In this case we could have used an inventory similar to this.
[webserver]
webhost1
webhost2
[database]
dbhost1
dbhost2
And have one playbook that runs on webserver
and another playbook for database
. There are multiple ways for achieving the same result. What's important is being able to be as effective as possible and try to not create monsters! Remember that readability of a code is as important as the code itself.
Conclusions
So, why do facts matter so much in Ansible? Well, these facts are like the detective clues that Ansible uses to understand the story of your servers. When Ansible knows the facts, like what kind of system it's dealing with or what apps are installed, it can tailor its actions accordingly.

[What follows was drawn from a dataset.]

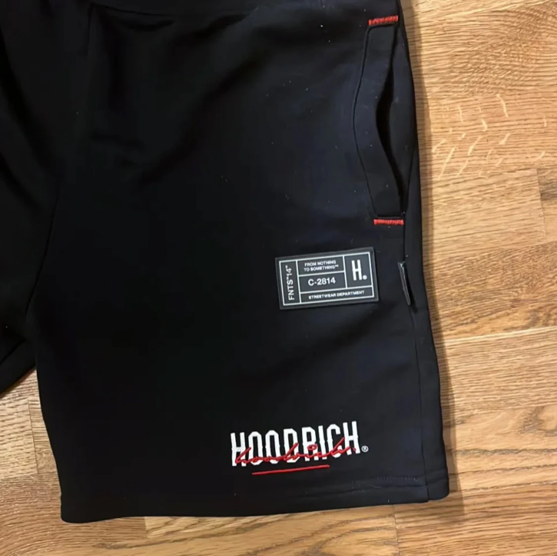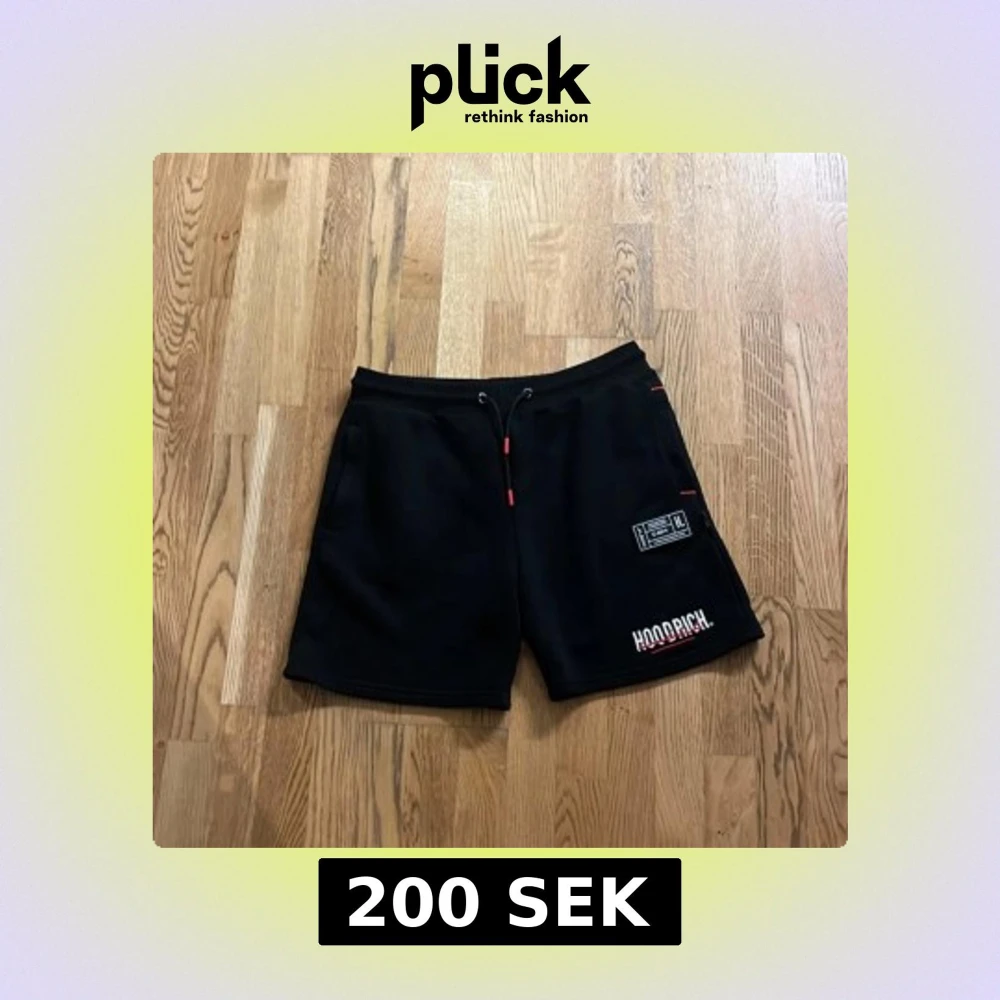 Snygga svarta shorts från Hoodrich med snörning i midjan och coola tryckdetaljer. Perfekta för en avslappnad stil. Använda 3-4 ggr max kn fixa priset vid snabb köp

Imagine you're a chef. Knowing the ingredients and the type of kitchen you're working in helps you cook up the perfect dish. Similarly, Ansible relies on facts to serve up the right commands to each server.
Facts make Ansible smart and adaptable. They turn it from a one-size-fits-all tool into a customized wizard for each server. So, pay attention to the facts, and Ansible will work its magic, making your server management a breeze!